Task¶
dnallm.tasks.task ¶
DNA Language Model Fine-tuning Task Definition Module.
This module defines various task types and related components supported by DNA language models during fine-tuning, including:
- TaskType: Task type enumeration
- Binary classification (BINARY): e.g., promoter prediction, enhancer identification
- Multi-class classification (MULTICLASS): e.g., protein family classification, functional region classification
- Regression (REGRESSION): e.g., expression level prediction, binding strength prediction
- Token classification (NER): Named Entity Recognition tasks
-
Generation and embedding tasks for different model architectures
-
TaskConfig: Task configuration class
- Configures task type, number of labels, label names, etc.
-
Provides threshold settings for binary classification tasks
-
TaskHead: Task-specific prediction heads
- Provides specialized neural network layers for different task types
- Supports feature dimensionality reduction and dropout to prevent overfitting
-
Automatically selects output dimensions based on task type
-
compute_metrics: Evaluation metric computation
- Binary: accuracy, F1 score
- Multi-class: accuracy, macro F1, weighted F1
- Regression: mean squared error, R-squared value
Usage example
task_config = TaskConfig( task_type=TaskType.BINARY, num_labels=2, label_names=["negative", "positive"] )
Classes¶
TaskConfig ¶
Bases: BaseModel
Configuration class for different fine-tuning tasks.

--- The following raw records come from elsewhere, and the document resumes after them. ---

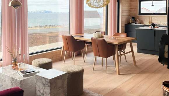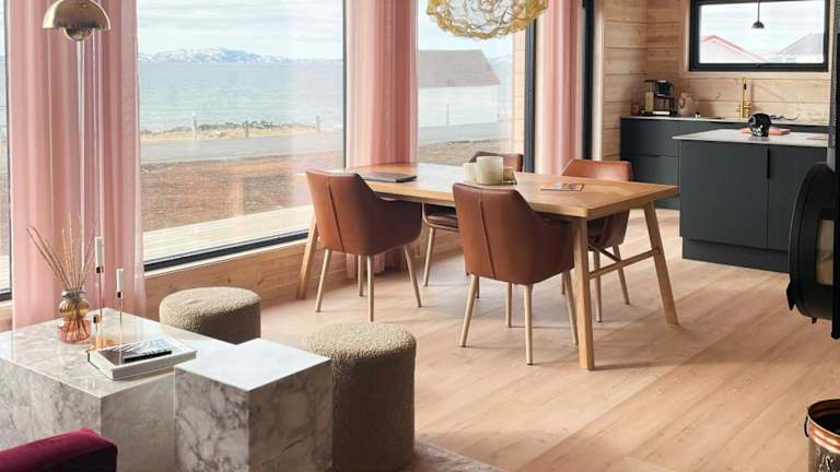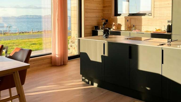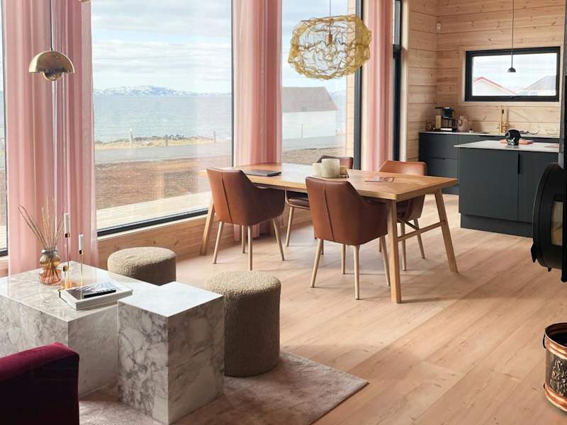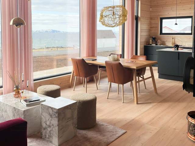 Die Design Cabin By The Sea With Northern Lights ist ein Ferienhaus, das eine moderne und komfortable Unterkunft bietet. Es verfügt über drei Schlafzimmer, ein Badezimmer und eine voll ausgestattete Küche. Der Blick auf das Meer sowie die Sauna sind besondere Merkmale dieser Unterkunft.
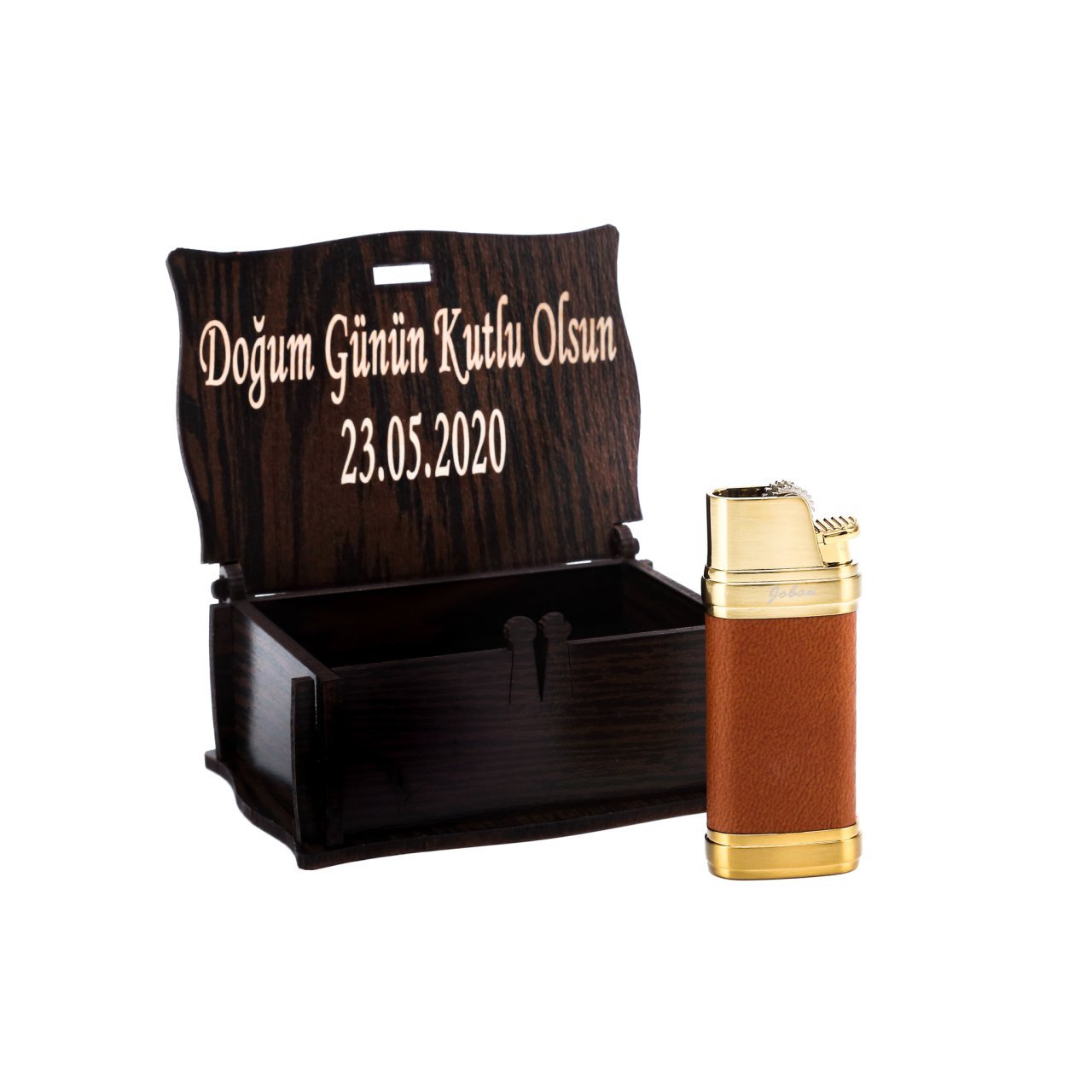 Kişiye özel deri yüzey metal gazlı çakmak, Ahşap kutulu
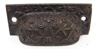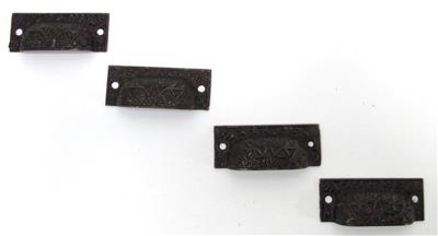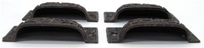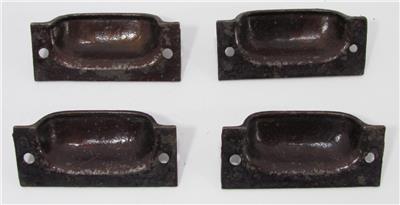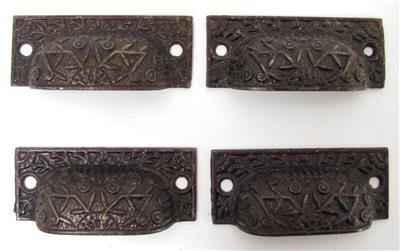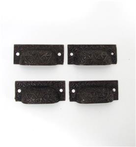 Here is a set of 4 vintage bin pulls. These have no maker's markings. The pulls measure 3 1/8" long and 1 1/4" wide. The mounting holes are 2 5/8" on center. These have an ornate Victorian-style design. I believe these are the Windsor pattern. I do not know the age of these pulls, I assume they are an older reproduction. Get this set of pulls!
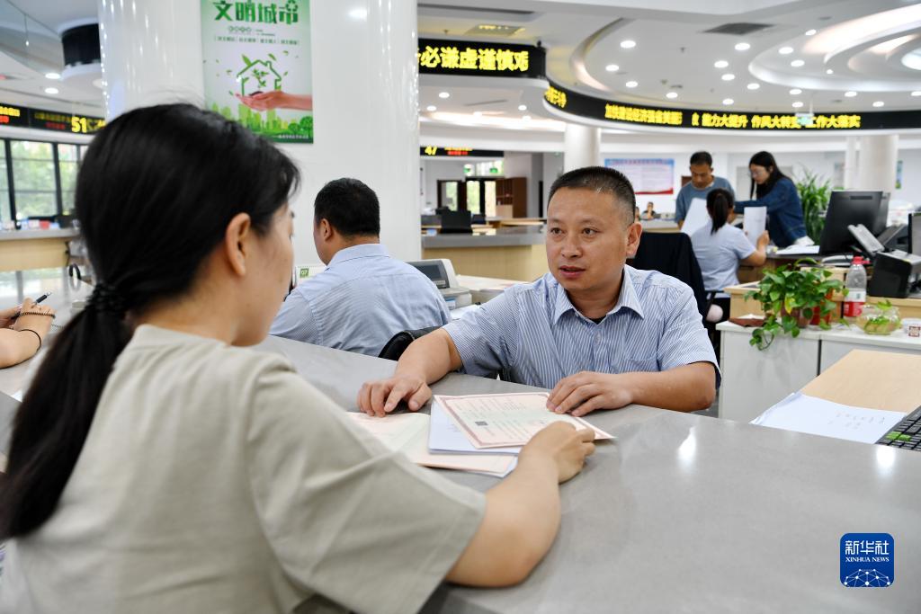 7月22日,河北省灤州市政務(wù)服務(wù)中心工作人員在為市民辦理業(yè)務(wù)。
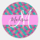 Fille et glam violet, lilas, aqua, turquoise et verte parties scintillant sirène scintillent nom monogramme et autocollant rond classique initial. Votre nom personnalisé et votre monogramme sont écrits dans un élégant script écrit à la main avec un arrière - plan rose. Un cadeau d'anniversaire ou de Noël parfait !
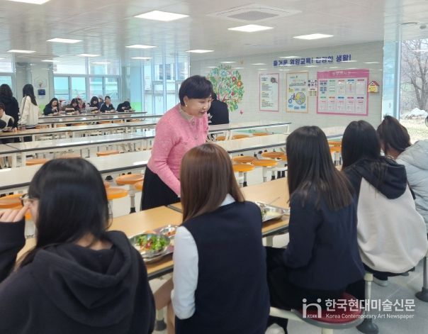 한국현대미술신문 신정은 기자 | 충청북도옥천교육지원청 박정애 교육장은 3월 25일 옥천여자중학교를 방문하여 신학기 학교급식 운영 상황을 점검하고, 식중독 예방을 위한 현장 대응 실태를 살폈다.

This class provides a structured way to configure task-specific parameters including task type, number of labels, label names, and classification thresholds.
Attributes:
| Name | Type | Description |
|---|---|---|
task_type |
str
|
Type of task to perform (must match regex pattern) |
num_labels |
int
|
Number of output labels/classes |
label_names |
list | None
|
List of label names for classification tasks |
threshold |
float
|
Classification threshold for binary and multi-label tasks |
TaskType ¶
Bases: Enum
Enum for supported task types in DNALLM.
This enum defines the various tasks that can be performed with DNA language models, including classification, regression, and generation tasks.